Two possible mechanisms have been proposed to explain why leg-crossing might lead to a temporary rise in blood pressure. One is that the action of putting one knee over the other sends blood from the legs up to the chest resulting in an increased quantity of blood being pumped out of the heart, raising blood pressure. An alternative explanation is that blood pressure rises because isometric exercise of the leg muscles (exercise without the joints moving) increases the resistance to the blood passing through the vessels. This might explain why crossing legs at the ankles doesn’t have the same effect.

In order to establish which of these explanations was the most likely, a study in Nijmegen in the Netherlands took a number of physiological measurements. The team found that resistance in the blood vessels didn’t rise when the heart rate was low and the legs were crossed, but the amount of blood leaving the heart did, suggesting that the increased blood pressure is due to crossed legs pushing blood up to the heart.

So crossing the legs does appear to cause a temporary rise in blood pressure, but the evidence for any long-term consequences simply isn’t there, with one exception. People at high risk of blood clots are advised not to cross their legs for long periods of time because for them, impeding the flow of blood could increase their risk of a deep vein thrombosis.

But even if crossing your legs doesn’t give you high blood pressure in the long term, what about the idea that it can give you varicose veins? The reasons why some people suffer from varicose veins and others don’t is something of a mystery. Usually tiny valves in the blood vessels prevent blood from flowing back in the wrong direction, but if those valves become stretched and weakened the blood can pool, resulting in the enlarged veins we call varicose veins. Crossing the legs has not been demonstrated to be a crucial factor.

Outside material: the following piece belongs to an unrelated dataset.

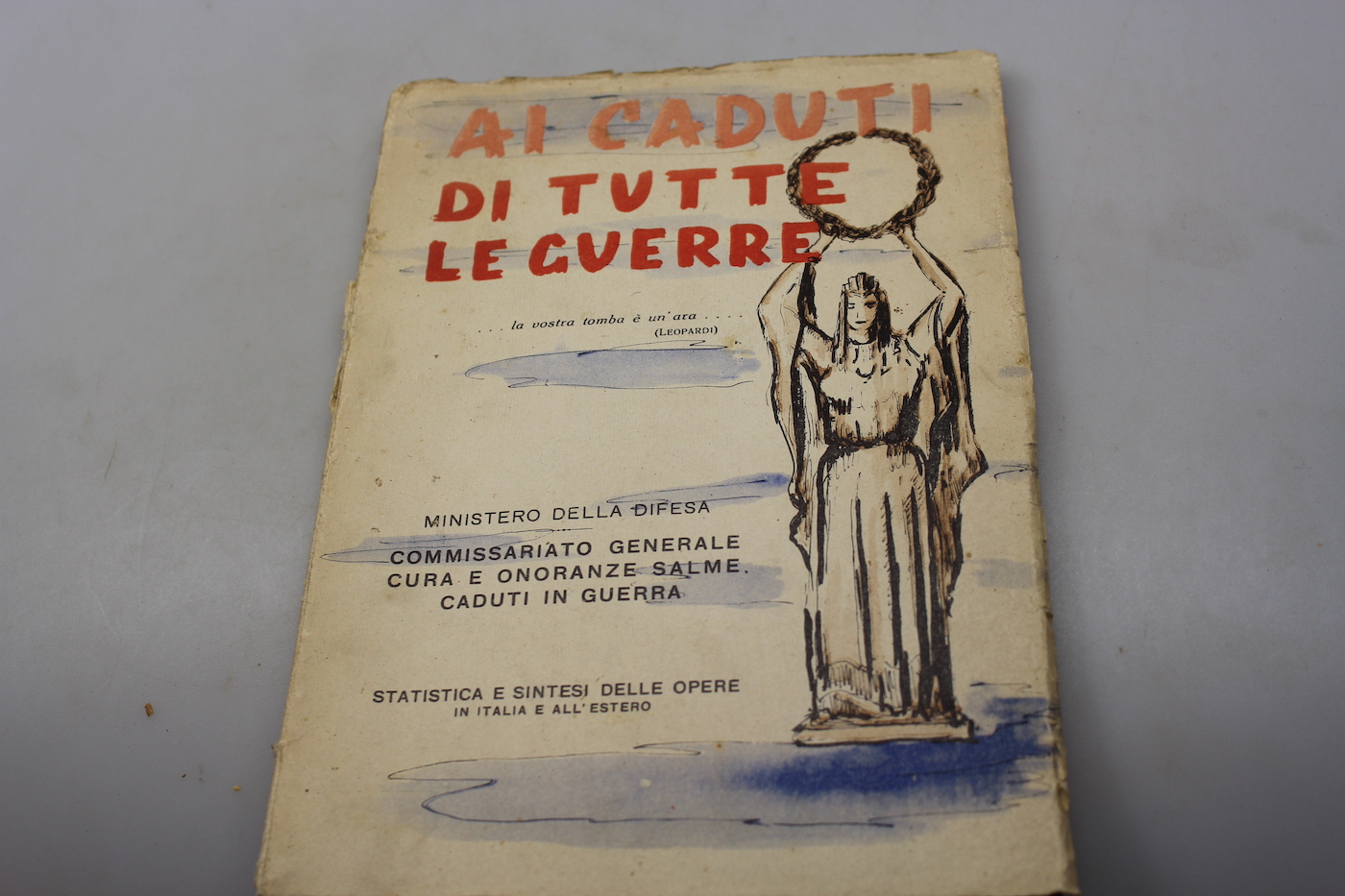“Ai Caduti di tutte le guerre” . Libro illustrato a cura del Ministero della Difesa del 1950, sui Caduti di tutti gli eserciti belligeranti, sepolti in cimiteri e sacrari sul suolo Italiano, di entrambe le due Guerre Mondiali. Usato, buono stato di conservazione.

Whether or not you get varicose veins seems, partly at least, to be down to genetics.

One study found that people who sat with their legs crossed for more than three hours a day had poor posture

So if veins, blood pressure and nerves are not affected by leg-crossing in the long-term, how about the impact on our joints? One study found that people who sat with their legs crossed for more than three hours a day were more likely to lean forward and to round their shoulders. But the research relied on people’s own estimations of how long they crossed their legs for. As I write this, I’m sitting at my desk and happen to have my legs crossed, but I would have no idea how many hours a day I spend sitting in this way. More recent research published this year found that if people were instructed to sit up straight while they crossed their legs the postural problems were overcome. Of course whether that’s maintained when you have no experimenter standing over you is another matter. Incidentally almost twice as many people reported crossing their right leg over their left knee than the other way around.

Slouching doesn’t sound good, but if you are fan of leg-crossing, you might like a rather curious study from the University Medical Centre in Rotterdam which found that it could bring benefits. Researchers examined young men and women as they sat with their legs either straight, crossed at the knee or crossed at both the knee and the ankle at once. They then simulated the exact angles of the posture in four embalmed pelvises, which allowed them to measure exactly what our muscles do when we cross our legs. They found that crossing the legs at the knee increased elongation in the piriformis muscle running behind the hip joint by 11% when compared with sitting with legs uncrossed, and by 21% when compared with standing (interestingly the tension was slightly less if the legs were crossed at the ankle too). The authors believe that this increases stability in their pelvic joints in a similar way to tensing the abdominal muscles does.

So if you like crossing your legs Kenny Everett-style then you’re unlikely to do yourself any damage, provided you don’t stay in the same position until your legs are numb. And whoever is sitting next to you on the bus or the train will be grateful to you for taking up less room than the man-spreaders.